Well, as the titel says I’m having problems with the ignition on my Massey Ferguson 350 or MF35, I cannot get any spark from the distributor or ignition coil. I have tried to just connect the coil to the battery and open the breakerpoints by hand, still nothing, then I put the spark plug directly to the ignition coil and tried and I still cannot get anything out of the coil! I can hold the wire while turning the engine and not feel a thing!!? The only thing is that the distributor is not original... it’s a bosch aka from some Volvo.


----------



## pogobill (Jan 31, 2012)

Has the tractor ever run with the new distributor? If not, it could be installed 180 degrees out of whack. But if you are not getting anything out of the coil, it could be hooked up wrong or it could be fried. Which brings me back to the question, has it ever run the way it is set up now?


----------



## Mf35fnatic (Jan 30, 2020)

pogobill said:


> Has the tractor ever run with the new distributor? If not, it could be installed 180 degrees out of whack. But if you are not getting anything out of the coil, it could be hooked up wrong or it could be fried. Which brings me back to the question, has it ever run the way it is set up now?
> View attachment 52929


The last owner said it ran with the installed distributor BUT I’ve teared the electrical system apart and completely redone it, and yes I’ve checked that it’s not connected wrong and I changed coil to a brand new one and it worked before I put it on the tractor!


----------



## pogobill (Jan 31, 2012)

What about the ignition switch, it may be bad. Can you use a jumper wire to see if you can get power to the coil?


----------



## Mf35fnatic (Jan 30, 2020)

pogobill said:


> What about the ignition switch, it may be bad. Can you use a jumper wire to see if you can get power to the coil?
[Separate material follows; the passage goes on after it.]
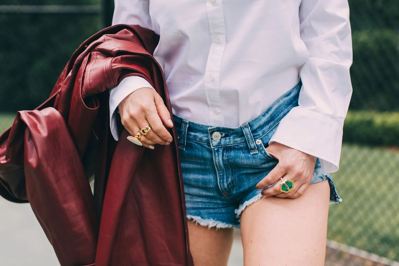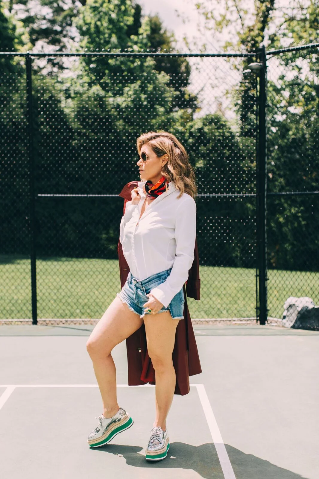Rachel captured each style so individually, and she nailed the creative vibrancy of the day. The first second we met, we hugged it out, and that was it. Hugs lead to great things😀. I am a huge fan of this look, since the building blocks are two of my most used items in my wardrobe; denim cut offs and a crisp white button down shirt. Classics to the max. With those as your starting points, it's almost impossible to F it up. When in doubt, stick just with that and you'll still look amazing. Promise. A good, clean tuck is needed here to balance out the volume of this long, leather trench. This ox blood colored leather is amazing. It's so strong yet somehow not in your face. Without the trench, the outfit can totally be Spring/Summer. This is not a warm weather coat, it's more for when temperatures start to dip. The heavy leather is too much for when it's hot out. This ensemble can easily be worn all year, just swap jeans for the shorts. Easy. A bold printed silk scarf tied around the neck with the ends tucked in made me feel like Grace Kelly, or a stewardess. I don't mind either😜.
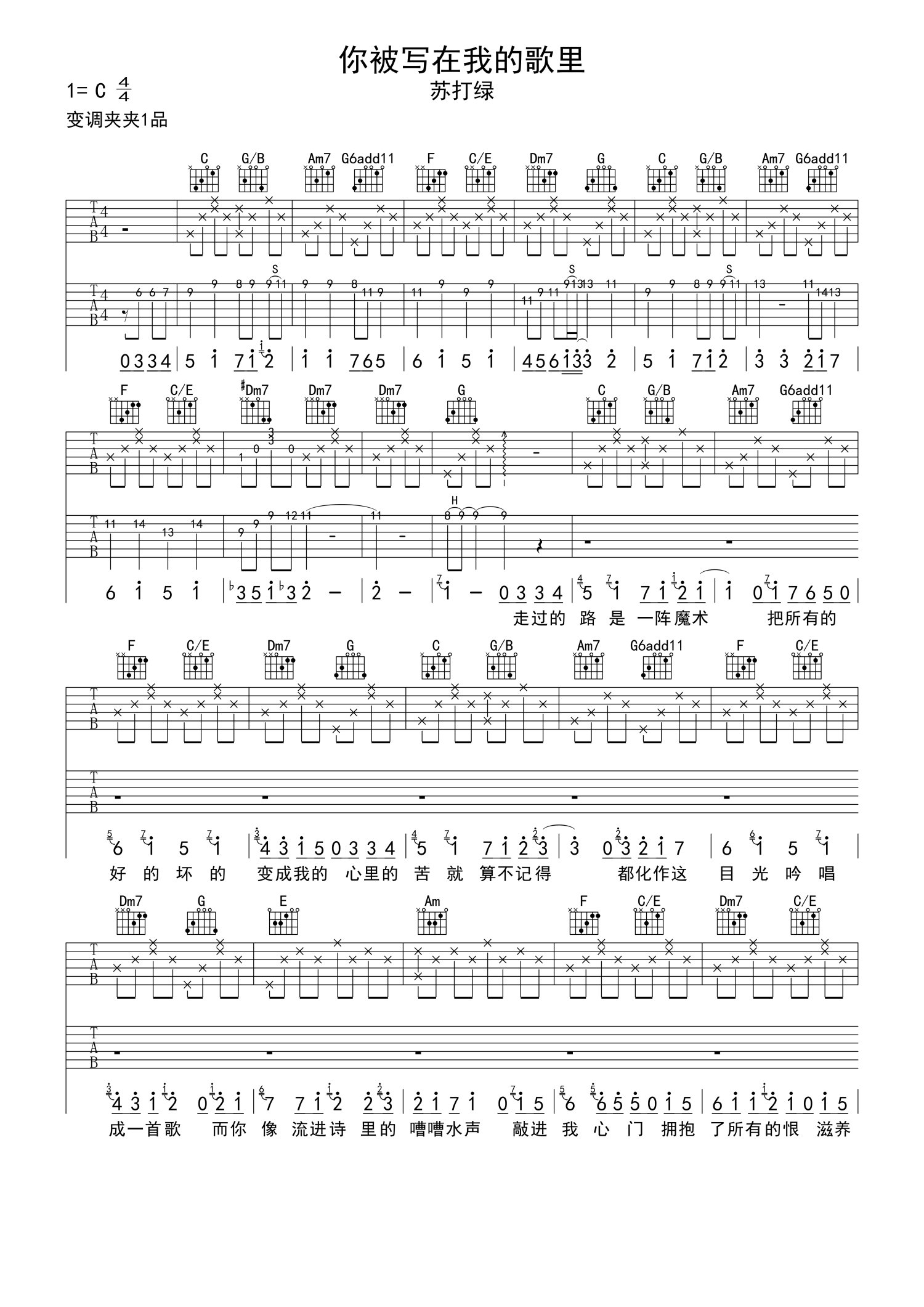曲谱介绍: 你被写在我的歌里吉他谱,苏打绿Ella的一首小甜歌,C调指法弹唱谱,变调夹夹一品。吴青峰的温柔声线,让人合着旋律轻轻摇摆,第一次听到这首歌就觉得被甜到了,满满的幸福感,小清新的曲调真的甜腻腻。

Tried that yesterday but can do it again, I’m gonna go work on it now!


----------



## Mf35fnatic (Jan 30, 2020)

Mf35fnatic said:


> Tried that yesterday but can do it again, I’m gonna go work on it now!


And the ignition switch is brand new so it shouldn’t be bad but you never know


----------



## Mf35fnatic (Jan 30, 2020)

I found the problem! The distributor and breaker points were shorted so it was grounded the whole time, the ignition coil works and I’m getting a new distributor!


----------